You'll receive a complete, working notification system.

  1. Analyze (15 min):
    • How does data flow through the system?
    • Where are the four pillars applied?
    • What does each file do?
  2. Modify (25 min):
    • Add a new feature (choose from options)
    • Apply the four pillars in your changes
  3. Test (5 min): Verify your changes work

The System: Notification Hub

  • API to send notifications (email, SMS, push)
  • Background delivery via workers
  • Status tracking and history
Files to explore:
  • app.py - Flask routes
  • models.py - Database schema
  • schemas.py - Validation
  • tasks.py - Worker functions

Modification Challenges

Choose one:

A: Rate Limiting

  • Limit 10 notifications/minute per user
  • Use Redis to track counts
  • Return 429 when exceeded

B: Retry Failed

  • Add retry logic to workers
  • Track retry count in database
  • Max 3 retries per notification

C: Priority Queues

  • Add "priority" field to notifications
  • High priority processed first
  • Use separate queues in rq

Getting Started

  1. Clone the repository (link in bCourses)
  2. Run docker-compose up
  3. Test the existing API with curl
  4. Read through the codebase
  5. Identify where to add your feature
  6. Implement and test
Tip: Read the code before changing it.
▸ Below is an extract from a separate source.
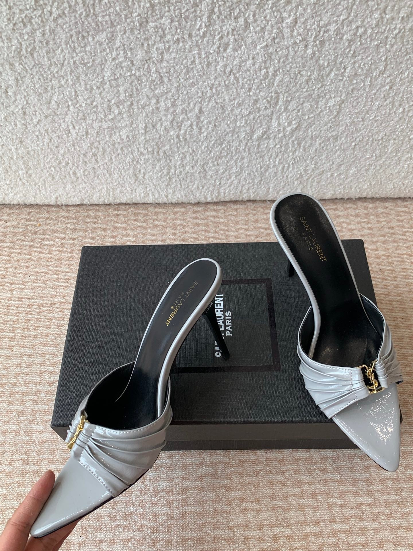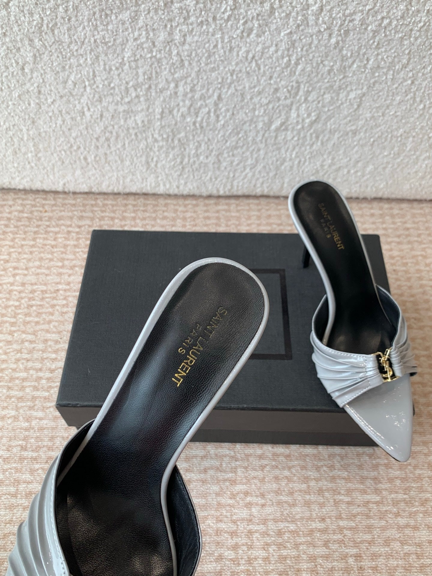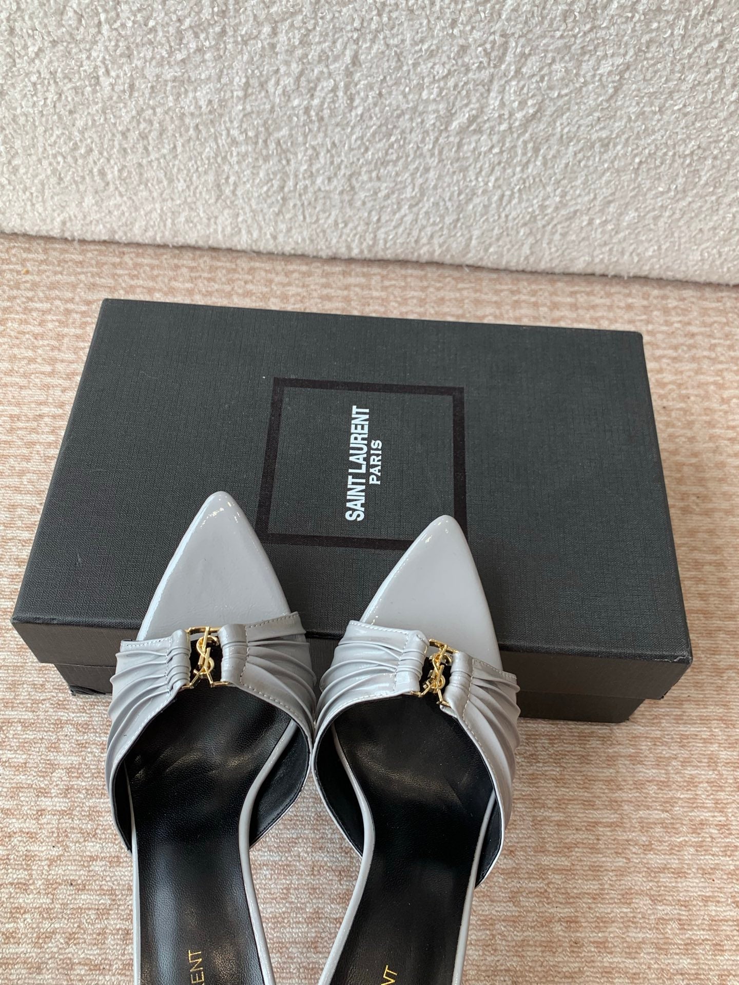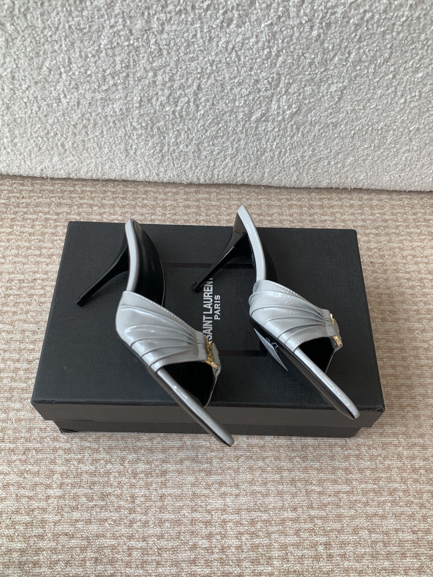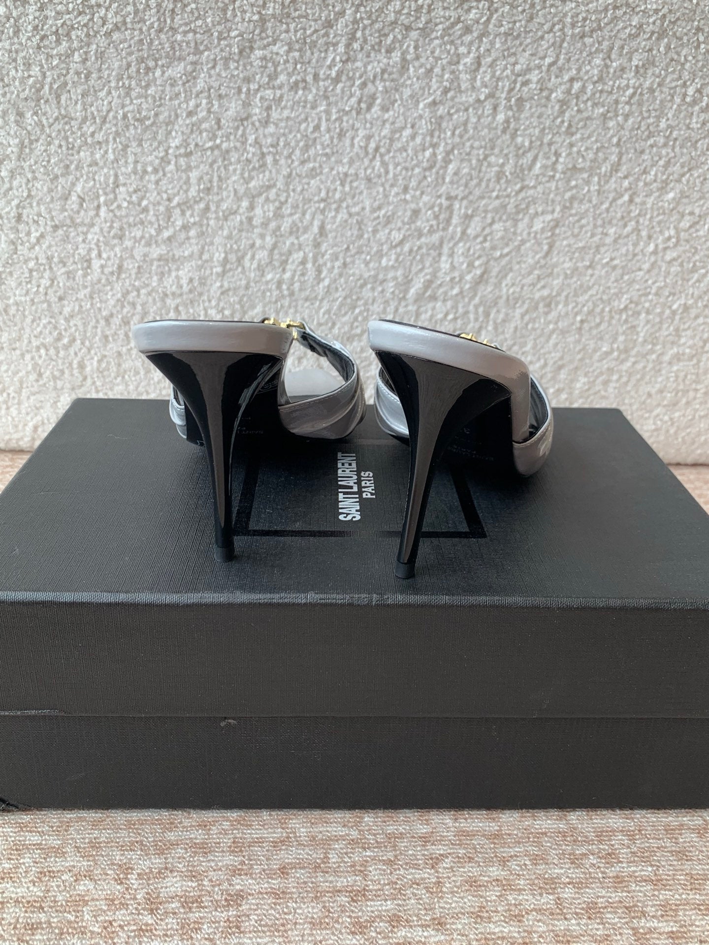 SL Babylone Sandal Heeled 10cm Grey Patent Calfskin

Understand, then modify.

Summary

Key Takeaways

What We Covered Today

  1. Your stack is complete - Flask, PostgreSQL, Redis, rq, Docker
  2. Functions are the unit of work - Decorators change execution context
  3. Four pillars guide everything - Validate, Separate, Defer, Transform
  4. You can build most systems - E-commerce, social, SaaS, APIs
  5. What's missing - File storage, vector DBs (specialized needs)

Your Technology Stack

Technologies

Flask + MarshmallowAPI + Validation
PostgreSQL + SQLAlchemyData Storage
RedisJob Queue Backend
rqBackground Jobs
DockerDeployment

Four Pillars

  • Validate - Trust nothing
  • Separate - Single responsibility
  • Defer - Async when possible
  • Transform - Explicit conversions

Next Week

  • Week 11: System Design Fundamentals
    • The "Seven Building Blocks" framework
    • Categorizing all technologies
    • A vocabulary for any system
  • Prep work:
    • Universal Building Blocks Lesson 1: Systems Thinking
    • Universal Building Blocks Lesson 2: The Seven Blocks
253B: Group project work begins! Think about your architecture.

Questions?

You have a complete stack. Go build something!